At PriscillaKing.blogspot.com I recently responded to the prompt "Write a Sapphic Ode" with an "Ode to John McCutcheon on the Occasion of his 45th Album." 

In the 1980s, asked why he still did free concerts for children's groups in libraries and primary schools, John McCutcheon wisecracked, "One day all those little kids are going to grow up, and I'm going to be a Star." This did not happen but McCutcheon has enjoyed slow steady success as a musician, anyway. He had to wait a long time to own the domain FolkMusic.com, which he now does.

He was a Northerner, originally. June Appal hired him to record the last few performances of several old traditional musicians, including Beachard Smith. McCutcheon bought a house outside Gate City, a mile or two from the Cat Sanctuary. He sang with a few people he met at the Carter Fold, recording albums under short-lived band names like "Wry Straw" and "The Morbid Pumpernickel Choir," but attracted serious attention when Malcolm Dalglish showed him how to build and play the dulcimer. 

This rather awkward instrument has existed for a long time and may well have been in King Nebuchadnezzar's band ("the harp, the dulcimer/psaltery...and all kinds of music"), but it's too hard to build and play to have become enshrined in any musical tradition the way things like flutes and guitars do. Like what we have in the way of Bigfoot lore, our local tradition of dulcimer music is not as old as I am. No older person recognized the instrument producing Dalglish's "pretty, funny music" when Jimmy Smith gave one of Dalglish's records a spin.
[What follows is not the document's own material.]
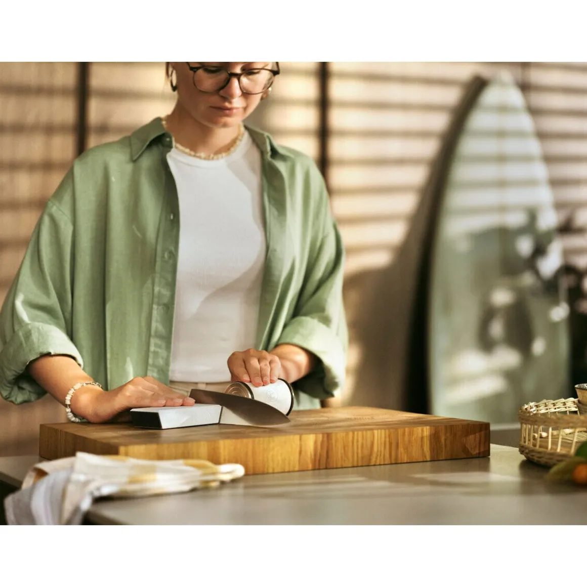 Mit dem Rollschleifer Horl 3 Cruise von verleihen Sie Ihren Messern auf nachhaltige Art eine neue Schärfe. Die feine Sand-Optik passt zum ozeangebundenen Kunststoff, aus dem der Rollschleifer gefertigt ist und versprüht einen natürlichen Hauch. Ob Küchen- oder Taschenmesser, ob stabile oder feine Klinge – mit dem Horl 3 schleifen Sie mit Blockdiamanten auf sichere Art. Einfach das Messer an die Schleiflehre anlegen und im gewünschten Winkel fixieren, dann den Rollschleifer mit sanftem Druck zuerst mit der Diamantscheibe über das Messer ziehen und Material abtragen, anschließend mit der Abziehscheibe das Ergebnis verfeinern.

A year or two later, when Smith broadcast the first cut on McCutcheon's historic "Wind That Shakes the Barley" album, I didn't know what kind of instrument was being featured, either, but I became a fan. The whole family did; I just happened to be thinking more seriously about music as a way to earn money than my parents and siblings were. 

Overnight the dulcimer became "one of our traditional instruments" like the autoharp, which the Carters made traditional, rather than a bit of exotica like the zither, one of which has actually been discovered in a local attic, probably not played since 1902. It has its own peculiar logic. I've played dulcimer, though never so ambitiously as to own one. It was a novelty in the 1970s but it's traditional by now.
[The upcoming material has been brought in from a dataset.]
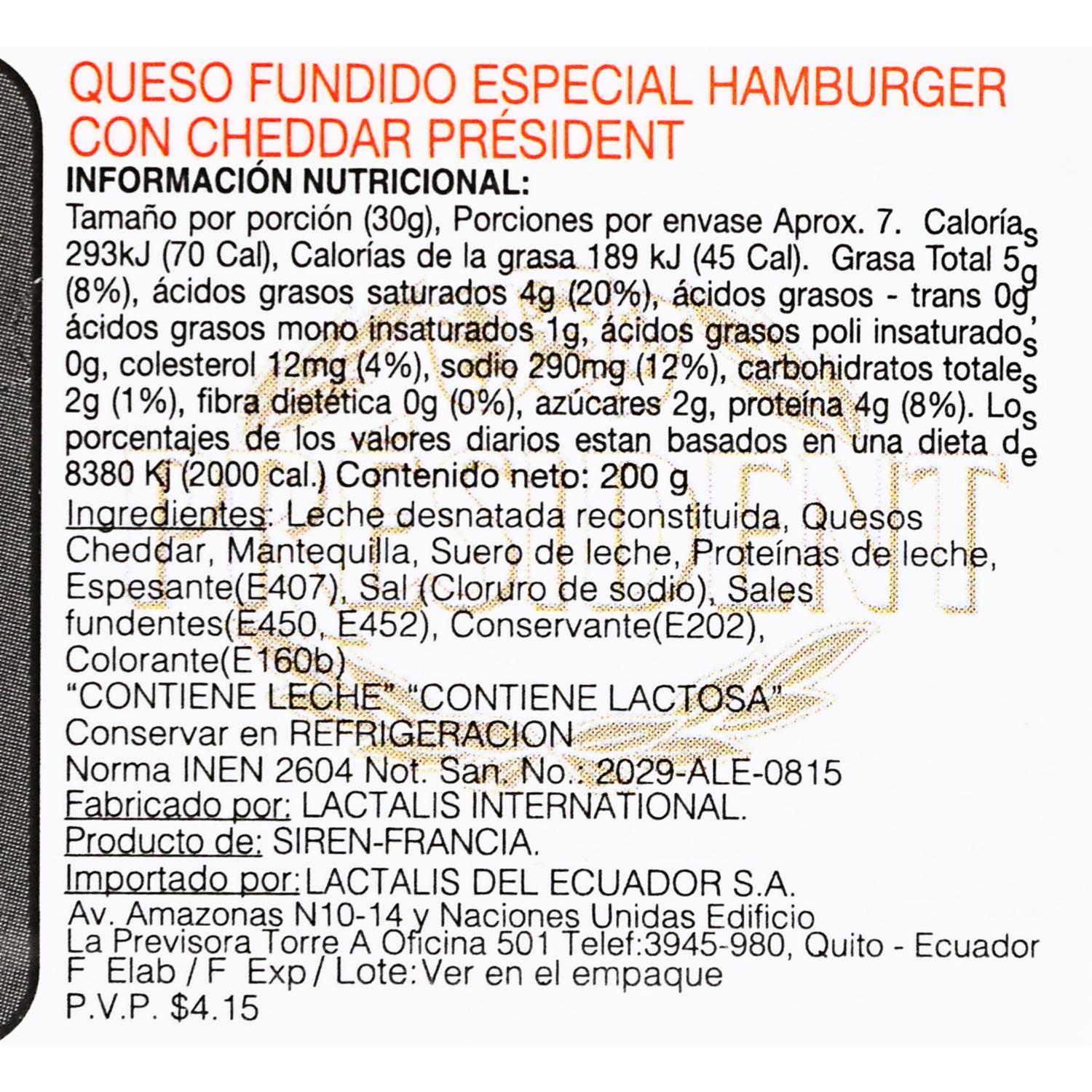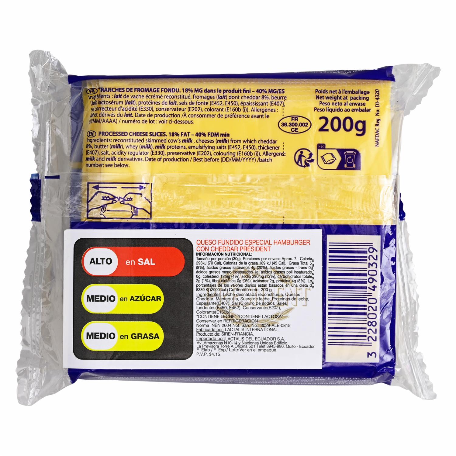 Queso Queso Cheddar PRÉSIDENT 200 G

I bought all of McCutcheon's records, every year as they came out, for several years. The family always wanted to listen to them too. When McCutcheon left Gate City Dad thought it might be because he'd been snubbed, because Jimmy Smith hadn't played all of his songs on the radio. There was that, but also references on his record covers to "his wife Jean" had switched to "his wife Parthy," and then there was another move and another wife. There were moves among labels, too, from June Appal to Rounder and so on.

1978 to 2025. Almost an album every year.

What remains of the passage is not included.